# Try it:
Every line of the listing below is to be repeated exactly; the pictures stay out.

──────────────────────────────

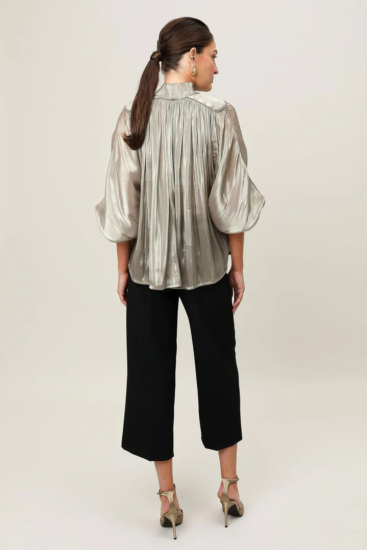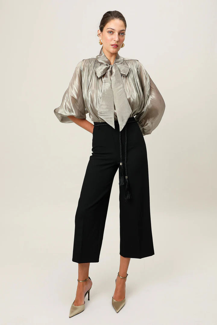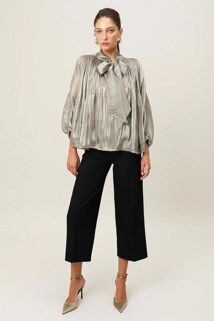 The Atelier Bow Top invites a soft sense of drama into everyday dressing. Crafted from a semi-sheer, delicately textured Japanese satin, featuring an adjustable neck tie and shoulder panels framed with piping detail. Softly voluminous 3/4 sleeves, elasticated cuffs, and gathering through the front and back bodice create a fluid drape that moves with ease. Designed with soft volume and considered structure, the Atelier Bow Top blends modern femininity with contemporary refinement.
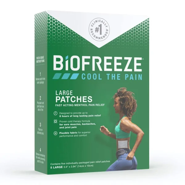 - The Biofreeze Patch is the newest innovation in Pain Relief, giving up to 8 hours of long-lasting Pain Relief in a pack of five 5.5″ x 3.94″ patches
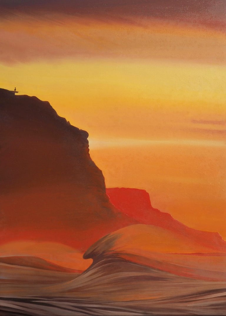 Entre roche et horizon, une vague intérieure. Un paysage suspendu, là où l’émotion rencontre l’océan. 🌊 Technique mixte : acrylique et huile D’après une photographie de Scott Harrison 🙏🏼
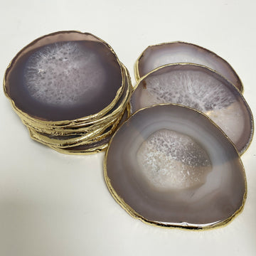 Grey agate coasters are decorative items made from natural agate stones that feature a grey colouration. Agate is a variety of chalcedony, which is a type of mineral that is typically translucent and banded in appearance. Agate coasters are often cut from a larger agate stone and then polished to reveal the intricate and unique patterns that are characteristic of agate. The natural grey colour of the stone is often accentuated through the polishing process, giving the coaster a sleek and elegant appearance.
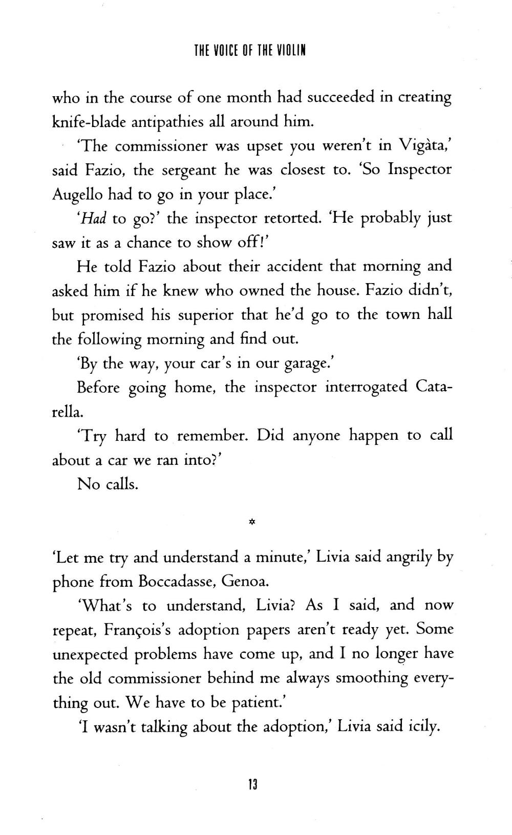 Inspector Salvo Montalbano, with his compelling mix of humor, cynicism, and compassion, has been compared to Georges Simenon's, Dashiel Hammett's, and Raymond Chandler's legendary detectives. In this latest novel, Montalbano's gruesome discovery of a lovely, naked young woman suffocated in her bed immedi-ately sets him on a search for her killer. Among the suspects are her aging husband, a famous doctor; a shy admirer, now disappeared; an antiques-dealing lover from Bologna; and the victim's friend Anna, whose charms Montalbano cannot help but appreciate. But it is a mysterious, reclusive violinist who holds the key to this murder.| Издательство | Picador |
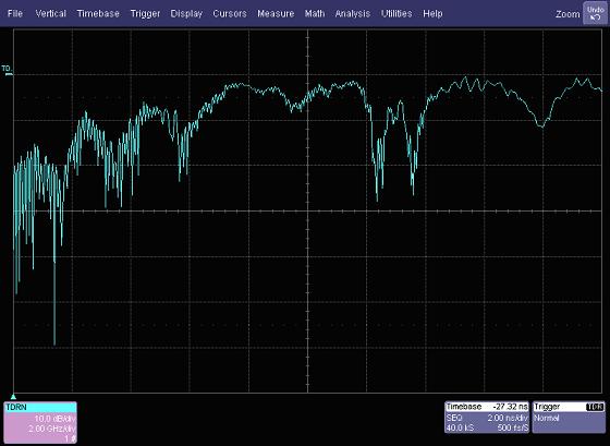 回波損耗或S11 是頻域的測量和反射系數(shù)有關(guān)。歸一化(通過反射平面校準(zhǔn) 基線校正)反射系數(shù)的傅里葉變換給出了回波損耗是頻率的函數(shù)。圖2給出了USB 3.0線纜和連接器測量的結(jié)果。圖中的橫軸表示2GHz/div,范圍是0~20GHz,縱軸表示10dB/div?;夭〒p耗在2GHz大約是15dB,但隨著頻率的增加開始變得越來越小。精細(xì)的空值間隔是由線纜末端的連接器引起的,較大的空值間隔是由于連接器內(nèi)部的阻抗結(jié)構(gòu)決定的。

──────────────────────────────

# Result:
 The Atelier Bow Top invites a soft sense of drama into everyday dressing. Crafted from a semi-sheer, delicately textured Japanese satin, featuring an adjustable neck tie and shoulder panels framed with piping detail. Softly voluminous 3/4 sleeves, elasticated cuffs, and gathering through the front and back bodice create a fluid drape that moves with ease. Designed with soft volume and considered structure, the Atelier Bow Top blends modern femininity with contemporary refinement.
 - The Biofreeze Patch is the newest innovation in Pain Relief, giving up to 8 hours of long-lasting Pain Relief in a pack of five 5.5″ x 3.94″ patches
 Entre roche et horizon, une vague intérieure. Un paysage suspendu, là où l’émotion rencontre l’océan. 🌊 Technique mixte : acrylique et huile D’après une photographie de Scott Harrison 🙏🏼
 Grey agate coasters are decorative items made from natural agate stones that feature a grey colouration. Agate is a variety of chalcedony, which is a type of mineral that is typically translucent and banded in appearance. Agate coasters are often cut from a larger agate stone and then polished to reveal the intricate and unique patterns that are characteristic of agate. The natural grey colour of the stone is often accentuated through the polishing process, giving the coaster a sleek and elegant appearance.
 Inspector Salvo Montalbano, with his compelling mix of humor, cynicism, and compassion, has been compared to Georges Simenon's, Dashiel Hammett's, and Raymond Chandler's legendary detectives. In this latest novel, Montalbano's gruesome discovery of a lovely, naked young woman suffocated in her bed immedi-ately sets him on a search for her killer. Among the suspects are her aging husband, a famous doctor; a shy admirer, now disappeared; an antiques-dealing lover from Bologna; and the victim's friend Anna, whose charms Montalbano cannot help but appreciate. But it is a mysterious, reclusive violinist who holds the key to this murder.| Издательство | Picador |
 回波損耗或S11 是頻域的測量和反射系數(shù)有關(guān)。歸一化(通過反射平面校準(zhǔn) 基線校正)反射系數(shù)的傅里葉變換給出了回波損耗是頻率的函數(shù)。圖2給出了USB 3.0線纜和連接器測量的結(jié)果。圖中的橫軸表示2GHz/div,范圍是0~20GHz,縱軸表示10dB/div?;夭〒p耗在2GHz大約是15dB,但隨著頻率的增加開始變得越來越小。精細(xì)的空值間隔是由線纜末端的連接器引起的,較大的空值間隔是由于連接器內(nèi)部的阻抗結(jié)構(gòu)決定的。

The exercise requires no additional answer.